Mit dem großartigen Rome: Total War bin ich noch locker 2 Monate gut beschäftigt.


----------



## Regengott01 (6. Dezember 2004)

Yikrazuul am 01.12.2004 14:15 schrieb:
			
		

> Ist diese "Umfrage" nicht ein wenig zu sehr Schleichwerbung?  :-o
> 
> Was wäre denn z. B. mit Armies of Exigo?



Richtig! Karmapunkt! 
Wie könnt ihr das rauslassen, wenn  ihr nach Strategiespielen fragt? Echt ne Unverschämtheit.

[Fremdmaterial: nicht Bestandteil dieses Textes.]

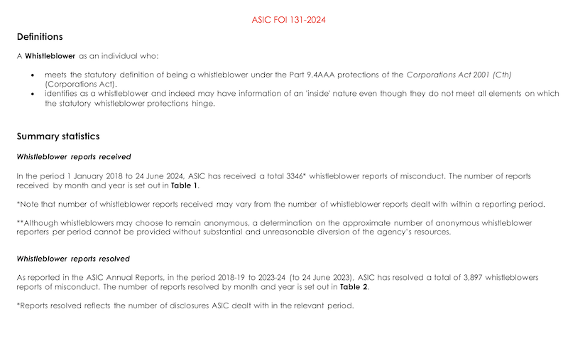 The number of whistleblower reports received by the corporate regulator ASIC is down 44.3% for first six months this year. Could it have something to do with the treatment of whistleblowers and the failure of governments to fix the whistleblower laws?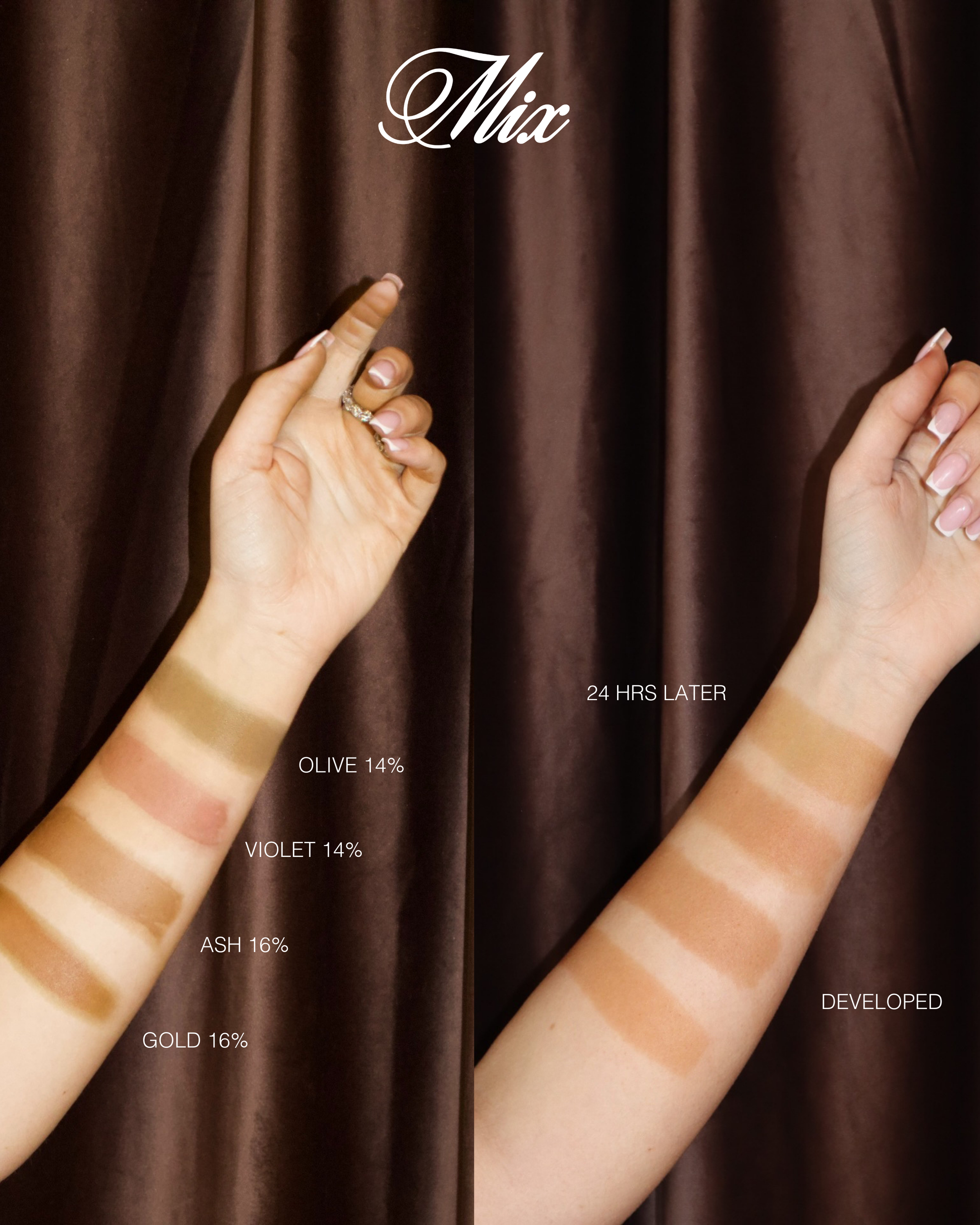 Ash (16%)—Your ultimate orange neutralizer. For clients who want a cool, true brown tan—never brassy.

Wo war da der Chefredakteur?


----------



## LowriderRoxx (6. Dezember 2004)

Ich leg mir einen Gutschein für Hearts of Iron 2 unter den nicht vorhandenen Weihnachtsbaum.


----------



## wicky2 (6. Dezember 2004)

Regengott01 am 06.12.2004 10:38 schrieb:
			
		

> Yikrazuul am 01.12.2004 14:15 schrieb:
> 
> 
> 
> ...



Is'n altes Hobby der PCG-Online, war aber schon mal Schlimmer (News, die keine News waren sondern nur Werbung etc.) 

P.S. Ja ja ich weis, ich kann wo anders hingehen wenn es mir nicht gefällt, das hatten wir such schon....


----------



## wicky2 (6. Dezember 2004)

Regengott01 am 06.12.2004 10:38 schrieb:
			
		

> Yikrazuul am 01.12.2004 14:15 schrieb:
> 
> 
> 
> ...



Is'n altes Hobby der PCG-Online, war aber schon mal Schlimmer (News, die keine News waren sondern nur Werbung etc.) 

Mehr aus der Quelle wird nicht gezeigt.